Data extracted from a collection
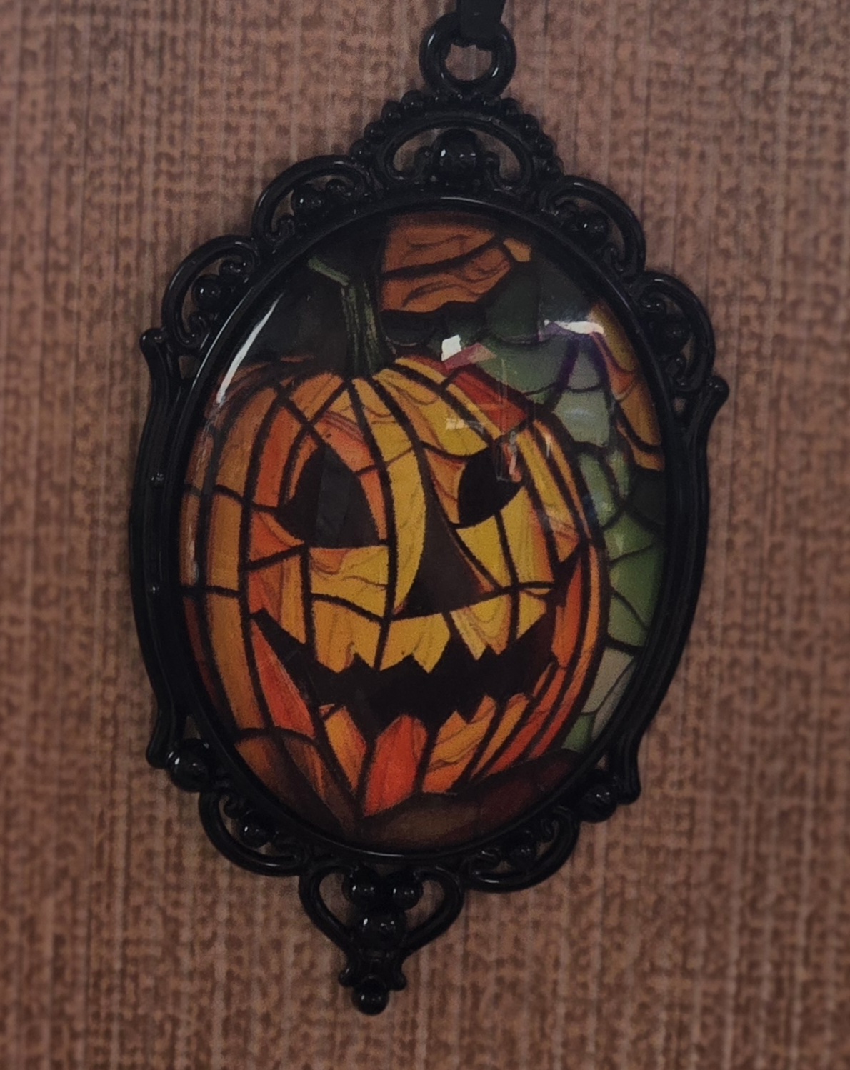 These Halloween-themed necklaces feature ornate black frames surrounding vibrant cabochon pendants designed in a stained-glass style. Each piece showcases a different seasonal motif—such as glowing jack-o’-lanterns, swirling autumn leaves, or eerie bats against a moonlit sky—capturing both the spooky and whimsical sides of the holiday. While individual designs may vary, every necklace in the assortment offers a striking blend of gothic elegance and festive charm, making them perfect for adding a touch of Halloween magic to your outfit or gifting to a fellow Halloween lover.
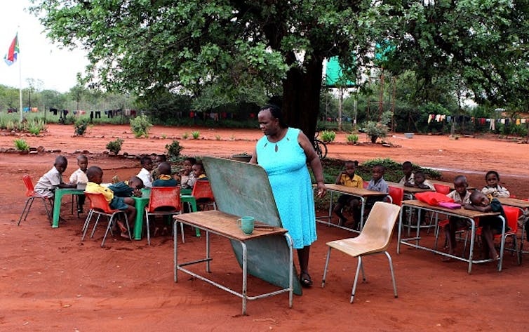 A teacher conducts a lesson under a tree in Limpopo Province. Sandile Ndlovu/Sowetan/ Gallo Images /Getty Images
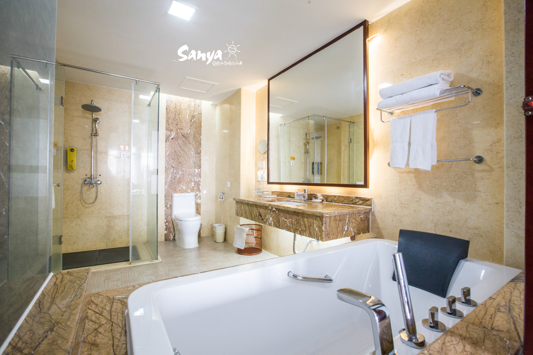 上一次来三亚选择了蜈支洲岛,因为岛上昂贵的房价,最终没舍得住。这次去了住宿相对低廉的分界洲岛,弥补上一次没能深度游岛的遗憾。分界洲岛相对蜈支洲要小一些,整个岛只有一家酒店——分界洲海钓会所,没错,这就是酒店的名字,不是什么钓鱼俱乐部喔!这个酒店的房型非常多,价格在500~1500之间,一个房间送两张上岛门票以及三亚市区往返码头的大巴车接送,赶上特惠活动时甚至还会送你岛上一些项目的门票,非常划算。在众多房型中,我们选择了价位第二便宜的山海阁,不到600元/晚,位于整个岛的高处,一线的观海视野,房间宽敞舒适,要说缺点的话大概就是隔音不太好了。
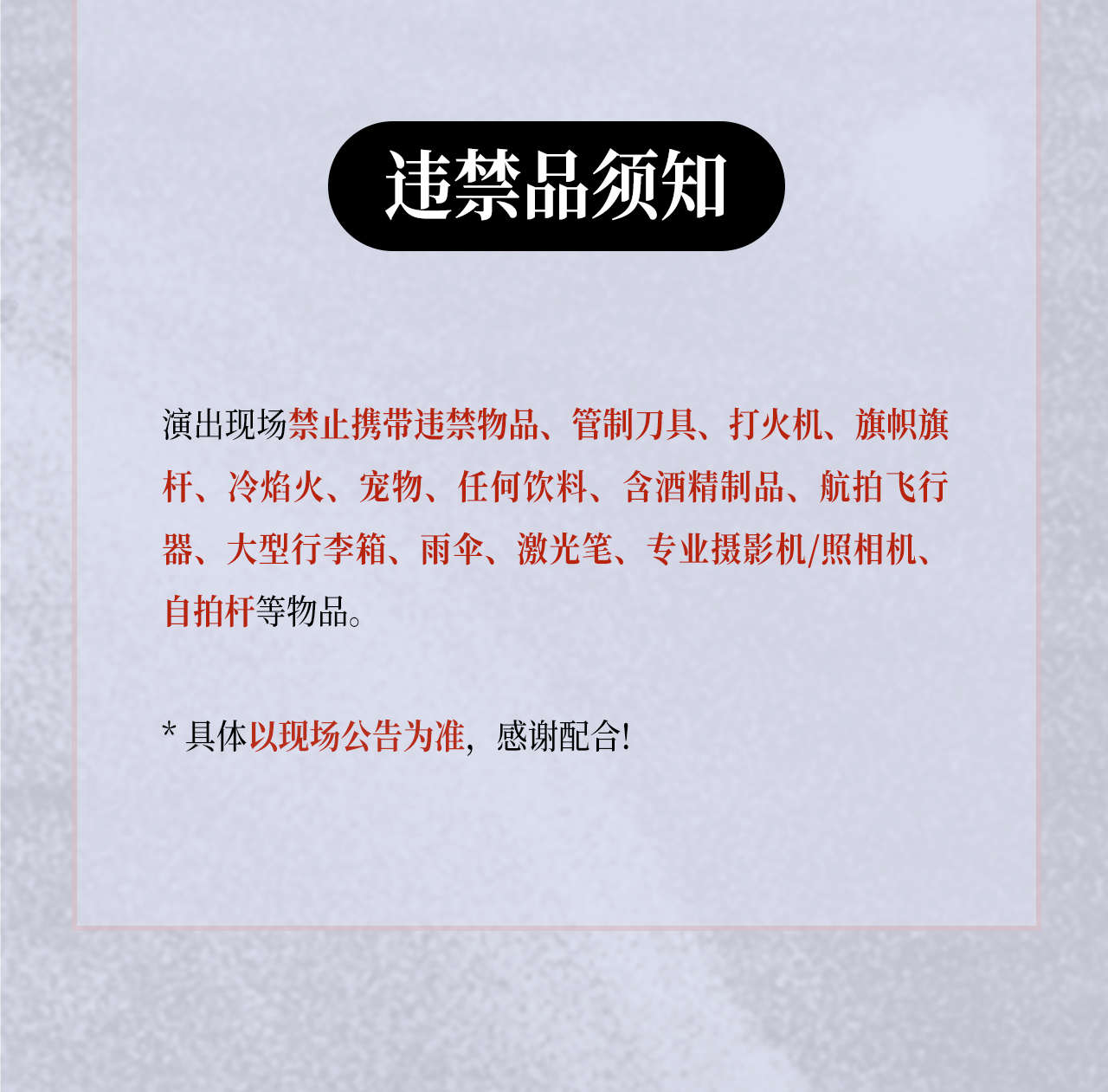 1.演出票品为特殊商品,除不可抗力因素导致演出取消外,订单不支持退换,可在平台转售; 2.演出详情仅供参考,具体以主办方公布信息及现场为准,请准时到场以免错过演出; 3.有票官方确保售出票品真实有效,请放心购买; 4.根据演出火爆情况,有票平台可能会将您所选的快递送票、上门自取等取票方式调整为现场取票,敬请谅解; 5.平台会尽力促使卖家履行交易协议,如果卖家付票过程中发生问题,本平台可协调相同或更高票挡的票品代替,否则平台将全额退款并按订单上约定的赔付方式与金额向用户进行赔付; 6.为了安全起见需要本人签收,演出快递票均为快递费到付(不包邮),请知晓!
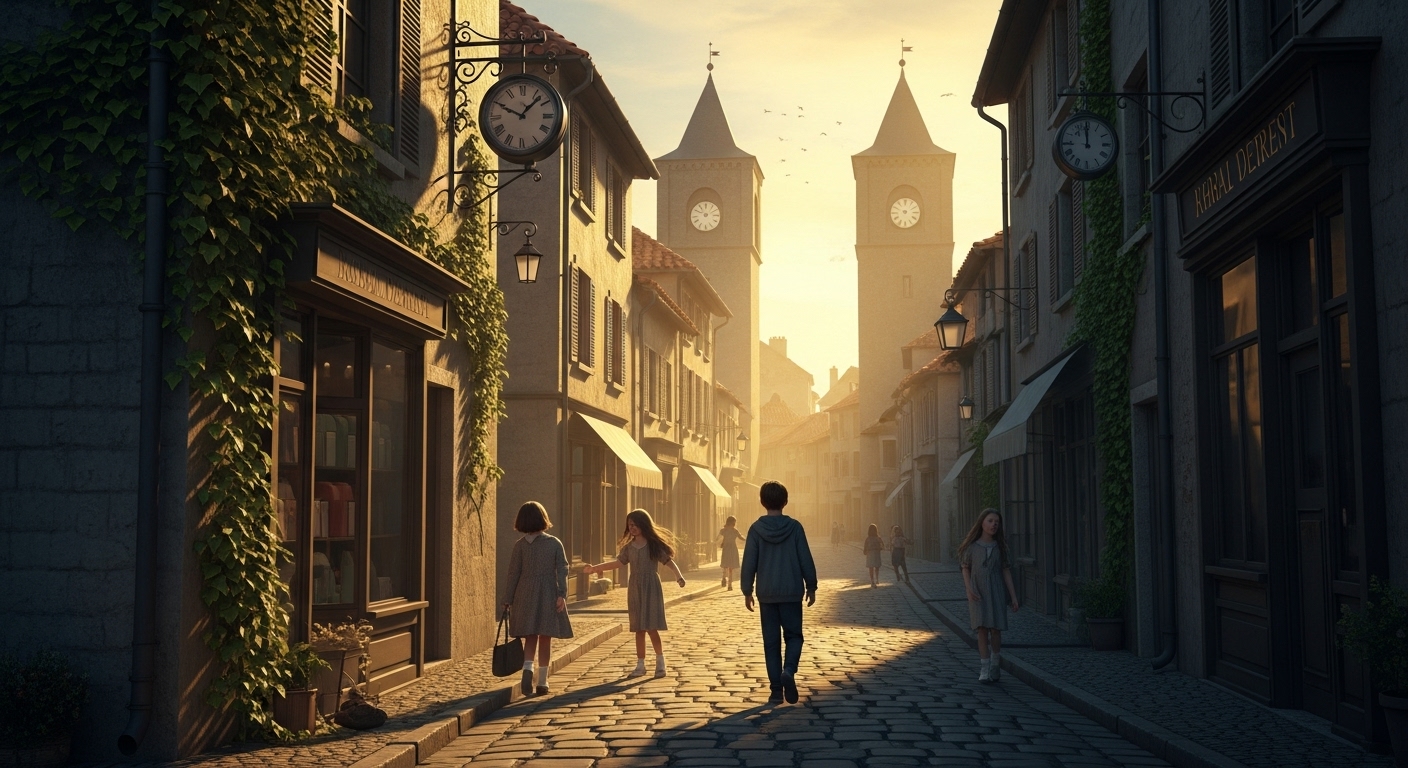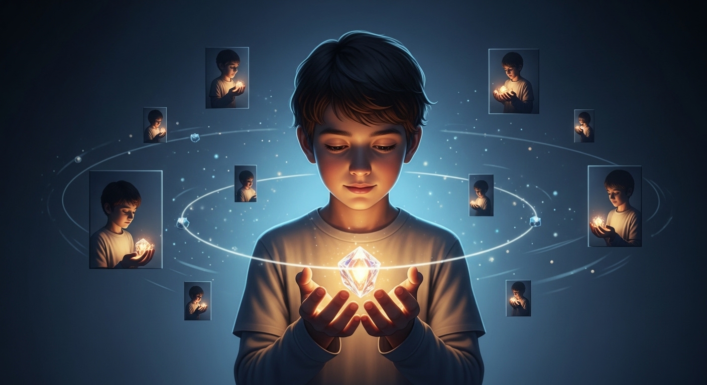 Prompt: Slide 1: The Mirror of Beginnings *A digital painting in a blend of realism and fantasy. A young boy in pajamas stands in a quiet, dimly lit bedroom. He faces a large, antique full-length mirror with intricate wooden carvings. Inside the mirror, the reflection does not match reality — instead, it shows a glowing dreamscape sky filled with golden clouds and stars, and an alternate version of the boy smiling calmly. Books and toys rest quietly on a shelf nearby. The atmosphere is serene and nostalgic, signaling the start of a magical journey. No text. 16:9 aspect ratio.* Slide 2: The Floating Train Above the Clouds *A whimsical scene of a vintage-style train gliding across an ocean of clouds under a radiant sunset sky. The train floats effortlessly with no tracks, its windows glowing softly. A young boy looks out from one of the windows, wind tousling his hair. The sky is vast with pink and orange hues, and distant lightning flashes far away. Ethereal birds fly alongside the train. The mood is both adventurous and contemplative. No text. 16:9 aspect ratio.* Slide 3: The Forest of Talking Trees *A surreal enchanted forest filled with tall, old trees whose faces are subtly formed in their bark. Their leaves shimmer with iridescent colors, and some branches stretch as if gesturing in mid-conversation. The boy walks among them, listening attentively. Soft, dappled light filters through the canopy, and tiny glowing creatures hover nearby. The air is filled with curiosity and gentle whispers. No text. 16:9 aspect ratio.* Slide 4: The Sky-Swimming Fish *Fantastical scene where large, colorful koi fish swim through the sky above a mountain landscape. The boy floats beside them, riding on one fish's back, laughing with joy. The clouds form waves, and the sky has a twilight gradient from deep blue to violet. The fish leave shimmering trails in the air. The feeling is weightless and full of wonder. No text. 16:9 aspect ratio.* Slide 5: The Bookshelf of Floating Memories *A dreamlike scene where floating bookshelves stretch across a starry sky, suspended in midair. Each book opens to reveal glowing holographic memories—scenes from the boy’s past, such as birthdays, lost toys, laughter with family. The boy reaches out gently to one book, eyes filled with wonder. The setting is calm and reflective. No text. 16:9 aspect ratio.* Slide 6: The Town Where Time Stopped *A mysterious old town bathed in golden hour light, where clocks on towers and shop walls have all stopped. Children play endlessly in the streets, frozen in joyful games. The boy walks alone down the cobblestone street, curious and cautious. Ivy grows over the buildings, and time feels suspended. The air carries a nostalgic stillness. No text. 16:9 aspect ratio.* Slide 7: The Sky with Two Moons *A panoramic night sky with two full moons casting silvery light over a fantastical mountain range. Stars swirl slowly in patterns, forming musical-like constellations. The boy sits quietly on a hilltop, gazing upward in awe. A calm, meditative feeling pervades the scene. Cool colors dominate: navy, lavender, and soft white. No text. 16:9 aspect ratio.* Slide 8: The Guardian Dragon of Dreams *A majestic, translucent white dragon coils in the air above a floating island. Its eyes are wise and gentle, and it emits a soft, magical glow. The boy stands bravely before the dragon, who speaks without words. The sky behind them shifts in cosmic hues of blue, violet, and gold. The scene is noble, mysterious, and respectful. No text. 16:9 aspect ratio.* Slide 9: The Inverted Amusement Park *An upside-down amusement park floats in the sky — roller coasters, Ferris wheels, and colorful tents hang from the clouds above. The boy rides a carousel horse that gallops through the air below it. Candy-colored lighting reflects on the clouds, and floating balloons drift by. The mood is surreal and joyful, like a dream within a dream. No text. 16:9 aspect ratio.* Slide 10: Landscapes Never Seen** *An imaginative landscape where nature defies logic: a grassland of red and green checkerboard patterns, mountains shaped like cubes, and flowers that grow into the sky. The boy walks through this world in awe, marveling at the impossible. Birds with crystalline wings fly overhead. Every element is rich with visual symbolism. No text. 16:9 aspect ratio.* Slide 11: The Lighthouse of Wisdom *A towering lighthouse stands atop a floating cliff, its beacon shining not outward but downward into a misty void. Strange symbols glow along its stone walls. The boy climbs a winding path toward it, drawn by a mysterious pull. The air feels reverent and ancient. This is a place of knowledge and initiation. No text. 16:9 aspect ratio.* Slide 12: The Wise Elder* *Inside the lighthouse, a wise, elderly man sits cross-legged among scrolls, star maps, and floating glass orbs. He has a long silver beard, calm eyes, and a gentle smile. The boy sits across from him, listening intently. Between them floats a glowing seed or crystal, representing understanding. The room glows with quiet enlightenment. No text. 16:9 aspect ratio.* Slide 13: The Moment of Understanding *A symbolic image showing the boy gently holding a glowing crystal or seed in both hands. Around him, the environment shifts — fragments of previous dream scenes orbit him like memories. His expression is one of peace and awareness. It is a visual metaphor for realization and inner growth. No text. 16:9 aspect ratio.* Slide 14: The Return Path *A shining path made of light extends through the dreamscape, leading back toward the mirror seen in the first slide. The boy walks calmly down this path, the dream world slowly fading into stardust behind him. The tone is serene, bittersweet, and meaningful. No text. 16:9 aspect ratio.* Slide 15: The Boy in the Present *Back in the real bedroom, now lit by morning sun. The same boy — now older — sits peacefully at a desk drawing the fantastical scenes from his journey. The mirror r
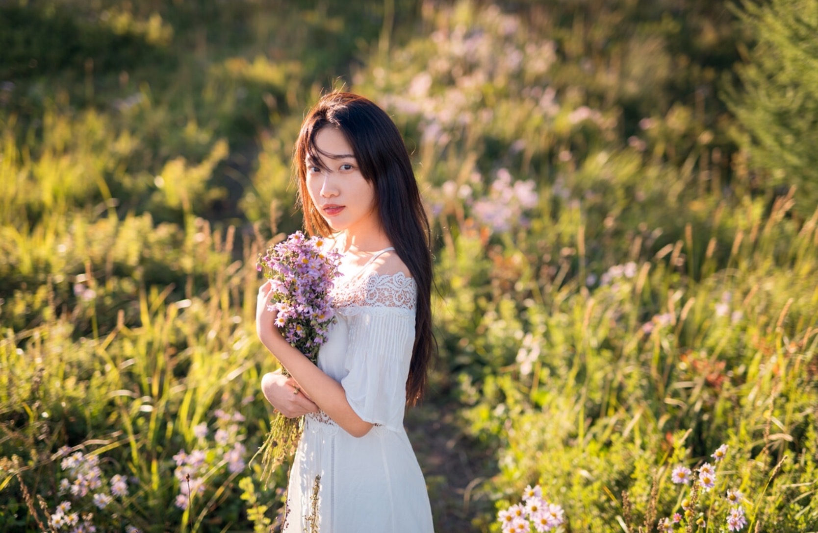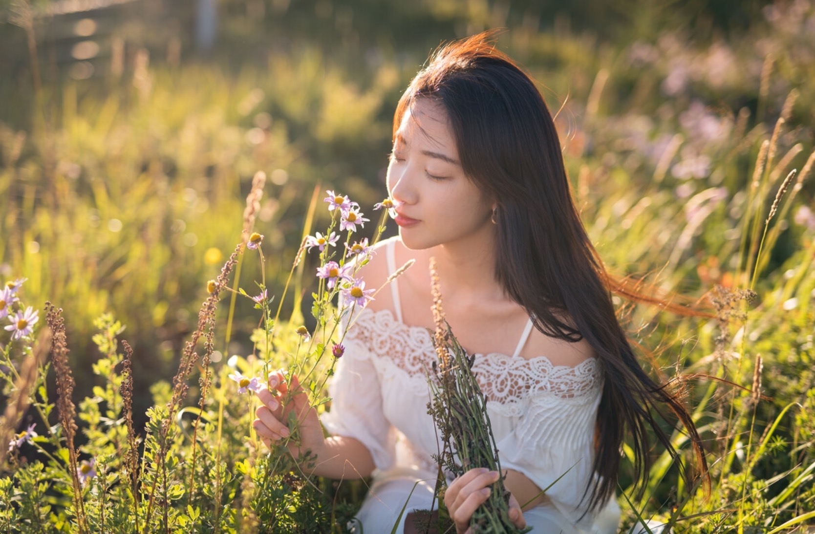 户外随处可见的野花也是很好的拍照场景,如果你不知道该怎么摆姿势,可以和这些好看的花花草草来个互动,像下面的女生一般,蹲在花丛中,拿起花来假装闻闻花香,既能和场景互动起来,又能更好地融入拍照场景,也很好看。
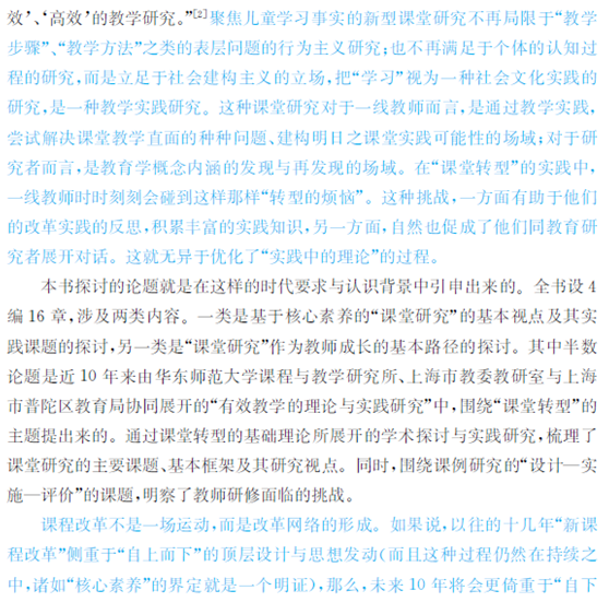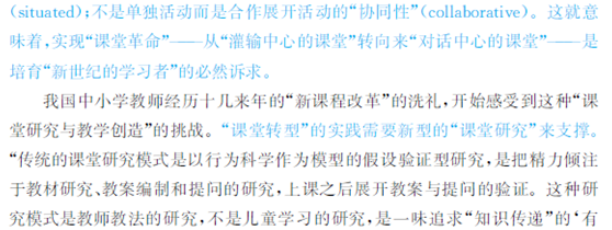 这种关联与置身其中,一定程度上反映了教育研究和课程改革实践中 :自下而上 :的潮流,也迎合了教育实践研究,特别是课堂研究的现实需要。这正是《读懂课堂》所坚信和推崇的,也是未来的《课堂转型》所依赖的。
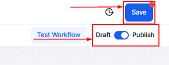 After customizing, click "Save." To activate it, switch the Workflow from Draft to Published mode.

The problem
Your task is to restate every record word for word. Omit all pictures.

Output for this task
 These Halloween-themed necklaces feature ornate black frames surrounding vibrant cabochon pendants designed in a stained-glass style. Each piece showcases a different seasonal motif—such as glowing jack-o’-lanterns, swirling autumn leaves, or eerie bats against a moonlit sky—capturing both the spooky and whimsical sides of the holiday. While individual designs may vary, every necklace in the assortment offers a striking blend of gothic elegance and festive charm, making them perfect for adding a touch of Halloween magic to your outfit or gifting to a fellow Halloween lover.
 A teacher conducts a lesson under a tree in Limpopo Province. Sandile Ndlovu/Sowetan/ Gallo Images /Getty Images
 上一次来三亚选择了蜈支洲岛,因为岛上昂贵的房价,最终没舍得住。这次去了住宿相对低廉的分界洲岛,弥补上一次没能深度游岛的遗憾。分界洲岛相对蜈支洲要小一些,整个岛只有一家酒店——分界洲海钓会所,没错,这就是酒店的名字,不是什么钓鱼俱乐部喔!这个酒店的房型非常多,价格在500~1500之间,一个房间送两张上岛门票以及三亚市区往返码头的大巴车接送,赶上特惠活动时甚至还会送你岛上一些项目的门票,非常划算。在众多房型中,我们选择了价位第二便宜的山海阁,不到600元/晚,位于整个岛的高处,一线的观海视野,房间宽敞舒适,要说缺点的话大概就是隔音不太好了。
 1.演出票品为特殊商品,除不可抗力因素导致演出取消外,订单不支持退换,可在平台转售; 2.演出详情仅供参考,具体以主办方公布信息及现场为准,请准时到场以免错过演出; 3.有票官方确保售出票品真实有效,请放心购买; 4.根据演出火爆情况,有票平台可能会将您所选的快递送票、上门自取等取票方式调整为现场取票,敬请谅解; 5.平台会尽力促使卖家履行交易协议,如果卖家付票过程中发生问题,本平台可协调相同或更高票挡的票品代替,否则平台将全额退款并按订单上约定的赔付方式与金额向用户进行赔付; 6.为了安全起见需要本人签收,演出快递票均为快递费到付(不包邮),请知晓!
 Prompt: Slide 1: The Mirror of Beginnings *A digital painting in a blend of realism and fantasy. A young boy in pajamas stands in a quiet, dimly lit bedroom. He faces a large, antique full-length mirror with intricate wooden carvings. Inside the mirror, the reflection does not match reality — instead, it shows a glowing dreamscape sky filled with golden clouds and stars, and an alternate version of the boy smiling calmly. Books and toys rest quietly on a shelf nearby. The atmosphere is serene and nostalgic, signaling the start of a magical journey. No text. 16:9 aspect ratio.* Slide 2: The Floating Train Above the Clouds *A whimsical scene of a vintage-style train gliding across an ocean of clouds under a radiant sunset sky. The train floats effortlessly with no tracks, its windows glowing softly. A young boy looks out from one of the windows, wind tousling his hair. The sky is vast with pink and orange hues, and distant lightning flashes far away. Ethereal birds fly alongside the train. The mood is both adventurous and contemplative. No text. 16:9 aspect ratio.* Slide 3: The Forest of Talking Trees *A surreal enchanted forest filled with tall, old trees whose faces are subtly formed in their bark. Their leaves shimmer with iridescent colors, and some branches stretch as if gesturing in mid-conversation. The boy walks among them, listening attentively. Soft, dappled light filters through the canopy, and tiny glowing creatures hover nearby. The air is filled with curiosity and gentle whispers. No text. 16:9 aspect ratio.* Slide 4: The Sky-Swimming Fish *Fantastical scene where large, colorful koi fish swim through the sky above a mountain landscape. The boy floats beside them, riding on one fish's back, laughing with joy. The clouds form waves, and the sky has a twilight gradient from deep blue to violet. The fish leave shimmering trails in the air. The feeling is weightless and full of wonder. No text. 16:9 aspect ratio.* Slide 5: The Bookshelf of Floating Memories *A dreamlike scene where floating bookshelves stretch across a starry sky, suspended in midair. Each book opens to reveal glowing holographic memories—scenes from the boy’s past, such as birthdays, lost toys, laughter with family. The boy reaches out gently to one book, eyes filled with wonder. The setting is calm and reflective. No text. 16:9 aspect ratio.* Slide 6: The Town Where Time Stopped *A mysterious old town bathed in golden hour light, where clocks on towers and shop walls have all stopped. Children play endlessly in the streets, frozen in joyful games. The boy walks alone down the cobblestone street, curious and cautious. Ivy grows over the buildings, and time feels suspended. The air carries a nostalgic stillness. No text. 16:9 aspect ratio.* Slide 7: The Sky with Two Moons *A panoramic night sky with two full moons casting silvery light over a fantastical mountain range. Stars swirl slowly in patterns, forming musical-like constellations. The boy sits quietly on a hilltop, gazing upward in awe. A calm, meditative feeling pervades the scene. Cool colors dominate: navy, lavender, and soft white. No text. 16:9 aspect ratio.* Slide 8: The Guardian Dragon of Dreams *A majestic, translucent white dragon coils in the air above a floating island. Its eyes are wise and gentle, and it emits a soft, magical glow. The boy stands bravely before the dragon, who speaks without words. The sky behind them shifts in cosmic hues of blue, violet, and gold. The scene is noble, mysterious, and respectful. No text. 16:9 aspect ratio.* Slide 9: The Inverted Amusement Park *An upside-down amusement park floats in the sky — roller coasters, Ferris wheels, and colorful tents hang from the clouds above. The boy rides a carousel horse that gallops through the air below it. Candy-colored lighting reflects on the clouds, and floating balloons drift by. The mood is surreal and joyful, like a dream within a dream. No text. 16:9 aspect ratio.* Slide 10: Landscapes Never Seen** *An imaginative landscape where nature defies logic: a grassland of red and green checkerboard patterns, mountains shaped like cubes, and flowers that grow into the sky. The boy walks through this world in awe, marveling at the impossible. Birds with crystalline wings fly overhead. Every element is rich with visual symbolism. No text. 16:9 aspect ratio.* Slide 11: The Lighthouse of Wisdom *A towering lighthouse stands atop a floating cliff, its beacon shining not outward but downward into a misty void. Strange symbols glow along its stone walls. The boy climbs a winding path toward it, drawn by a mysterious pull. The air feels reverent and ancient. This is a place of knowledge and initiation. No text. 16:9 aspect ratio.* Slide 12: The Wise Elder* *Inside the lighthouse, a wise, elderly man sits cross-legged among scrolls, star maps, and floating glass orbs. He has a long silver beard, calm eyes, and a gentle smile. The boy sits across from him, listening intently. Between them floats a glowing seed or crystal, representing understanding. The room glows with quiet enlightenment. No text. 16:9 aspect ratio.* Slide 13: The Moment of Understanding *A symbolic image showing the boy gently holding a glowing crystal or seed in both hands. Around him, the environment shifts — fragments of previous dream scenes orbit him like memories. His expression is one of peace and awareness. It is a visual metaphor for realization and inner growth. No text. 16:9 aspect ratio.* Slide 14: The Return Path *A shining path made of light extends through the dreamscape, leading back toward the mirror seen in the first slide. The boy walks calmly down this path, the dream world slowly fading into stardust behind him. The tone is serene, bittersweet, and meaningful. No text. 16:9 aspect ratio.* Slide 15: The Boy in the Present *Back in the real bedroom, now lit by morning sun. The same boy — now older — sits peacefully at a desk drawing the fantastical scenes from his journey. The mirror r
 户外随处可见的野花也是很好的拍照场景,如果你不知道该怎么摆姿势,可以和这些好看的花花草草来个互动,像下面的女生一般,蹲在花丛中,拿起花来假装闻闻花香,既能和场景互动起来,又能更好地融入拍照场景,也很好看。
 这种关联与置身其中,一定程度上反映了教育研究和课程改革实践中 :自下而上 :的潮流,也迎合了教育实践研究,特别是课堂研究的现实需要。这正是《读懂课堂》所坚信和推崇的,也是未来的《课堂转型》所依赖的。
 After customizing, click "Save." To activate it, switch the Workflow from Draft to Published mode.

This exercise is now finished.